START THE INPUT

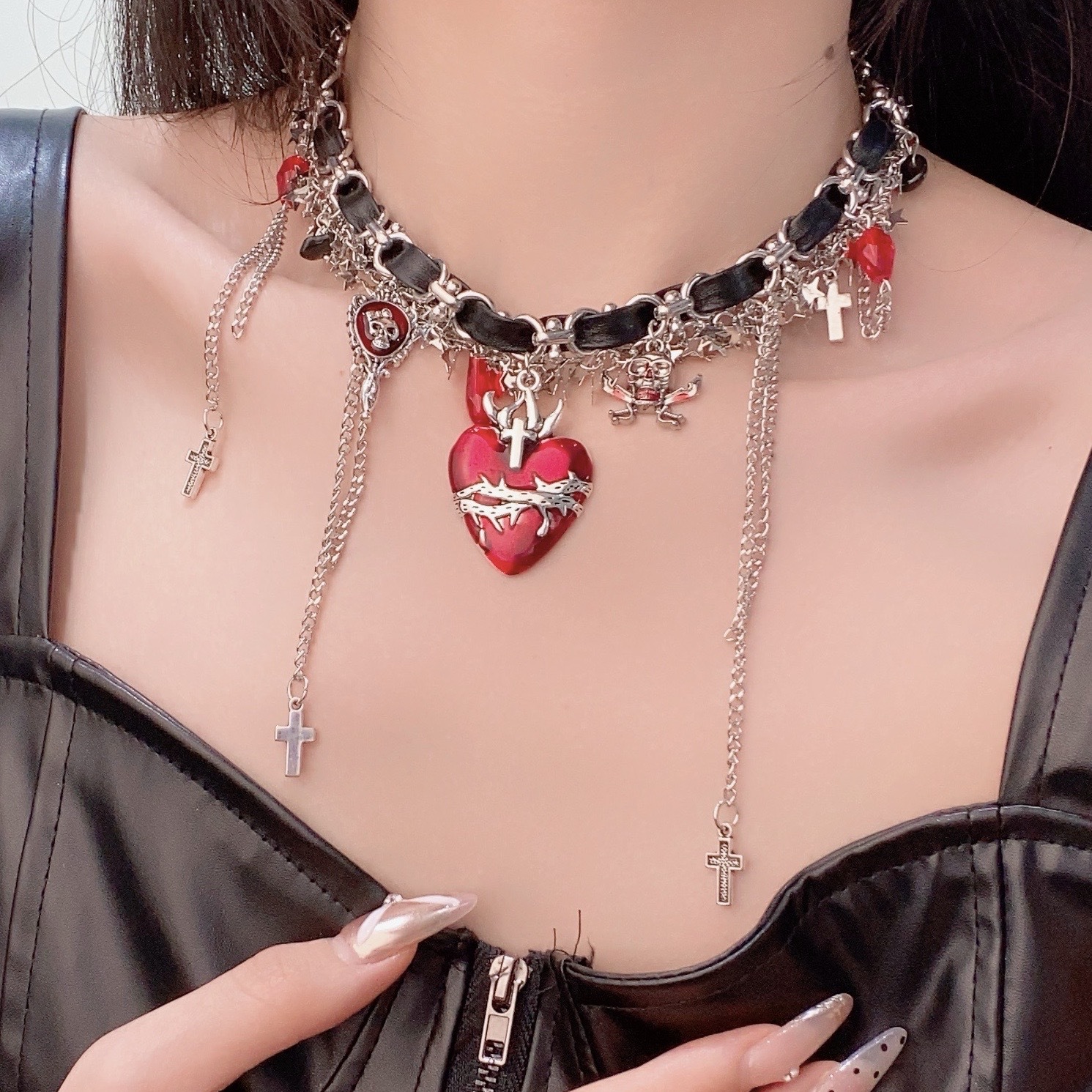 Imprisoned Thorns Red Love Star Tassel Cross Necklace y2k Subculture Leather Multi-layer Clavicle Chain Tide
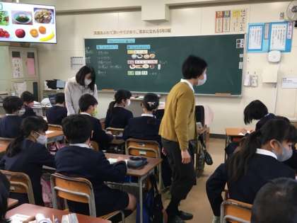 今日は、5年生の栄養指導で、他校の栄養教諭の先生に来ていただきました。
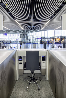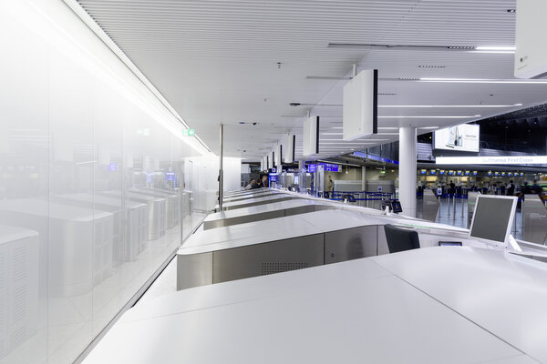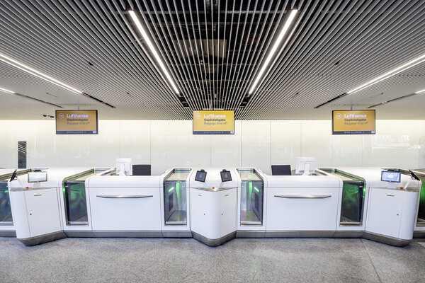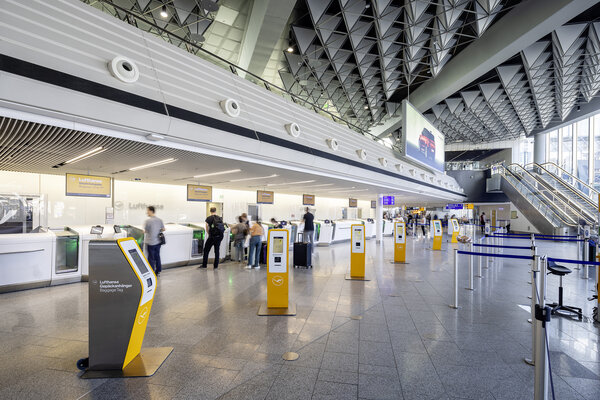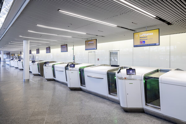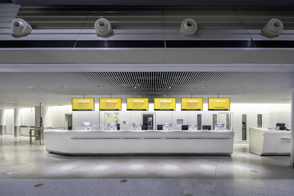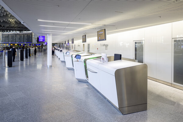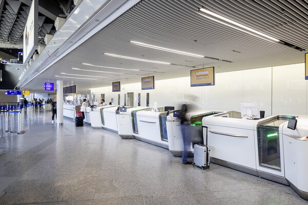 Am Frankfurter Flughafen erwartet Fluggäste ein neuer Check-in-Bereich mit benutzerfreundlichen Self-Service-Automaten, die in den 50 Jahre alten architektonischen Kontext des Terminal 1 integriert wurden. Durch eine Überformung der Decke öffnet sich der Raum unter der Galerie zur Passagierhalle. Die Reisenden werden eingeladen an den neuen Automaten die Gepäckaufgabe selbst vorzunehmen. Das neue System ist so konzipiert, dass bei Bedarf zusätzlich Personal an Schaltern zur Verfügung steht.
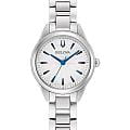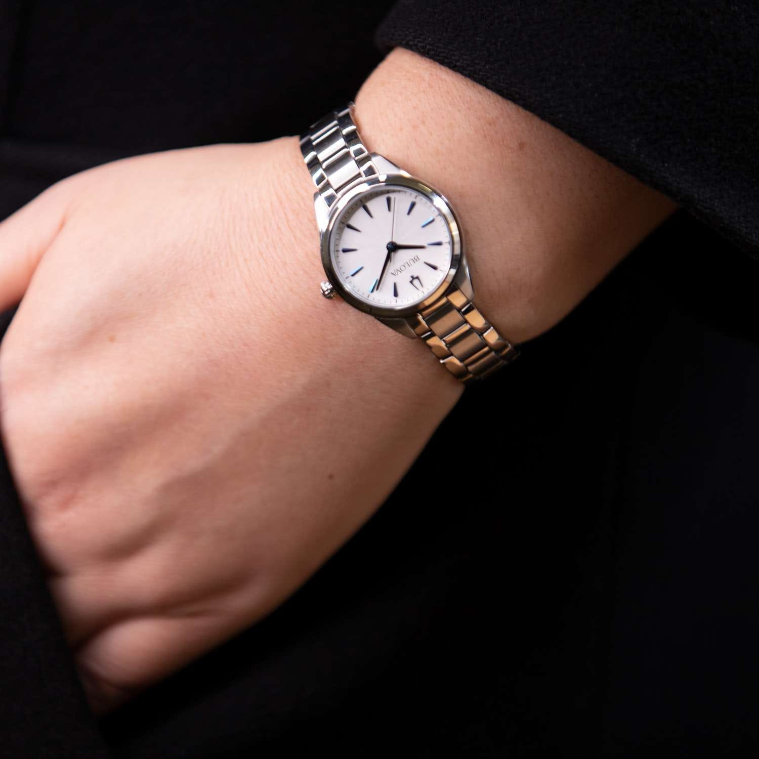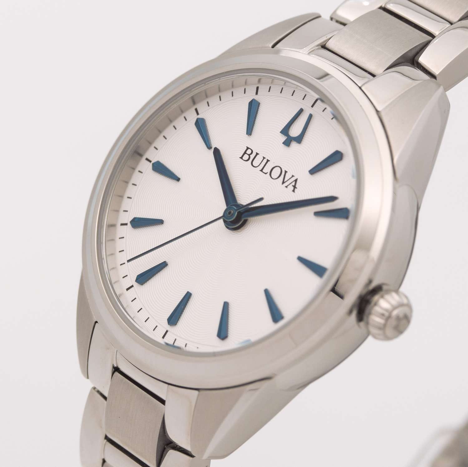 Женские кварцевые часы Bulova Sutton 96L285 – отражающий идеальное сочетание современного дизайна, надёжности и функциональности. Элегантный облик станет превосходным завершением образа, наделив его индивидуальным характером. Корпус из нержавеющей стали серебристого цвета, диаметром 28 мм идеально сбалансирован и элегантен. Минеральное стеклоМинеральное стеклоМинеральное стекло представляет собой искусственно выращенный минерал кварца. Такое стекло отличается особой устойчивостью к повреждениям и царапинам. Уступает по некоторым качествам сапфировому стеклу. защищает циферблат от царапин и устойчивое к мелким механическим повреждениям. Стальной браслет на раскладной застёжкеРаскладная застёжкаТакой тип застёжки используется только на браслетах из металла. Она никогда не раскрывается полностью, происходит разделение на 2 и более частей. Раскладывающая застёжка снизит вероятность потери часов к минимуму. обеспечивает комфортное ношение. Водозащита 30 метров позволит защитить корпус от случайных брызг или капель дождя. Эта модель – отличный выбор для тех, кто ищет сочетание стиля, качества и функциональности. Часы станут не только полезным аксессуаром, но и выразительным элементом вашего имиджа.
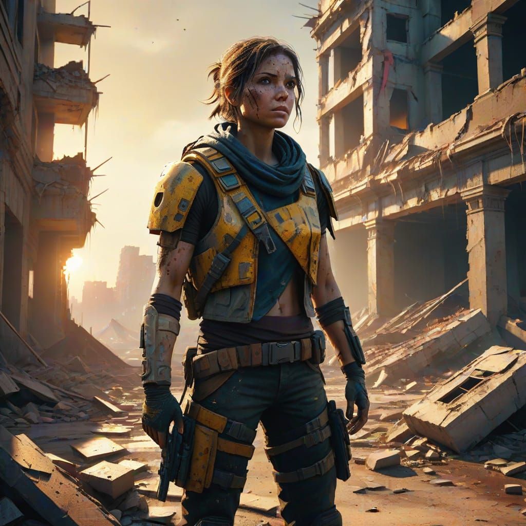 A vibrant digital artwork depicting a survivor in a ruined, post-apocalyptic city. Warm golden light contrasts with deep shadows in this cinematic, highly detailed scene, which is rendered as digital art.
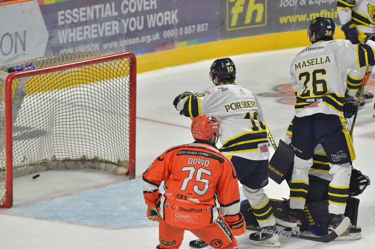 The Steelers opened the scoring just over five minutes into the first period when Stephen Harper fired a snap shot from the hash marks under the blocker of Shane Owen for the home side’s opener. The lead was doubled later in the frame as Brien Diffley finished off some strong work from Ryan Tait along the boards, forcing the puck into the slot and lifting his shot high past Owen.
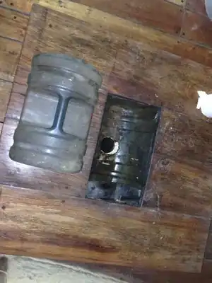 One of the toilets is a squating toilet. Squatting to defecate is less strenuous on the body. The squatting toilet was made by cutting a 5 gallon water jug in half length-wise and using one half for the toilet basin, and the other half for the lid. The toilet is flushed by filling a bucket with water and manually pouring the water in the toilet basin. |
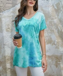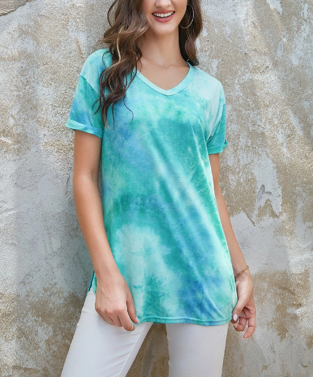 Set the tone for casual outings with this short-sleeve v-neck tunic that’s bound to manifest a mellow mood wherever you go.

END THE INPUT

PROBLEM »
Leaving out the pictures, repeat all of the entries exactly.

EXERCISE SOLUTION »
 Imprisoned Thorns Red Love Star Tassel Cross Necklace y2k Subculture Leather Multi-layer Clavicle Chain Tide
 今日は、5年生の栄養指導で、他校の栄養教諭の先生に来ていただきました。
 Am Frankfurter Flughafen erwartet Fluggäste ein neuer Check-in-Bereich mit benutzerfreundlichen Self-Service-Automaten, die in den 50 Jahre alten architektonischen Kontext des Terminal 1 integriert wurden. Durch eine Überformung der Decke öffnet sich der Raum unter der Galerie zur Passagierhalle. Die Reisenden werden eingeladen an den neuen Automaten die Gepäckaufgabe selbst vorzunehmen. Das neue System ist so konzipiert, dass bei Bedarf zusätzlich Personal an Schaltern zur Verfügung steht.
 Женские кварцевые часы Bulova Sutton 96L285 – отражающий идеальное сочетание современного дизайна, надёжности и функциональности. Элегантный облик станет превосходным завершением образа, наделив его индивидуальным характером. Корпус из нержавеющей стали серебристого цвета, диаметром 28 мм идеально сбалансирован и элегантен. Минеральное стеклоМинеральное стеклоМинеральное стекло представляет собой искусственно выращенный минерал кварца. Такое стекло отличается особой устойчивостью к повреждениям и царапинам. Уступает по некоторым качествам сапфировому стеклу. защищает циферблат от царапин и устойчивое к мелким механическим повреждениям. Стальной браслет на раскладной застёжкеРаскладная застёжкаТакой тип застёжки используется только на браслетах из металла. Она никогда не раскрывается полностью, происходит разделение на 2 и более частей. Раскладывающая застёжка снизит вероятность потери часов к минимуму. обеспечивает комфортное ношение. Водозащита 30 метров позволит защитить корпус от случайных брызг или капель дождя. Эта модель – отличный выбор для тех, кто ищет сочетание стиля, качества и функциональности. Часы станут не только полезным аксессуаром, но и выразительным элементом вашего имиджа.
 A vibrant digital artwork depicting a survivor in a ruined, post-apocalyptic city. Warm golden light contrasts with deep shadows in this cinematic, highly detailed scene, which is rendered as digital art.
 The Steelers opened the scoring just over five minutes into the first period when Stephen Harper fired a snap shot from the hash marks under the blocker of Shane Owen for the home side’s opener. The lead was doubled later in the frame as Brien Diffley finished off some strong work from Ryan Tait along the boards, forcing the puck into the slot and lifting his shot high past Owen.
 One of the toilets is a squating toilet. Squatting to defecate is less strenuous on the body. The squatting toilet was made by cutting a 5 gallon water jug in half length-wise and using one half for the toilet basin, and the other half for the lid. The toilet is flushed by filling a bucket with water and manually pouring the water in the toilet basin. |
 Set the tone for casual outings with this short-sleeve v-neck tunic that’s bound to manifest a mellow mood wherever you go.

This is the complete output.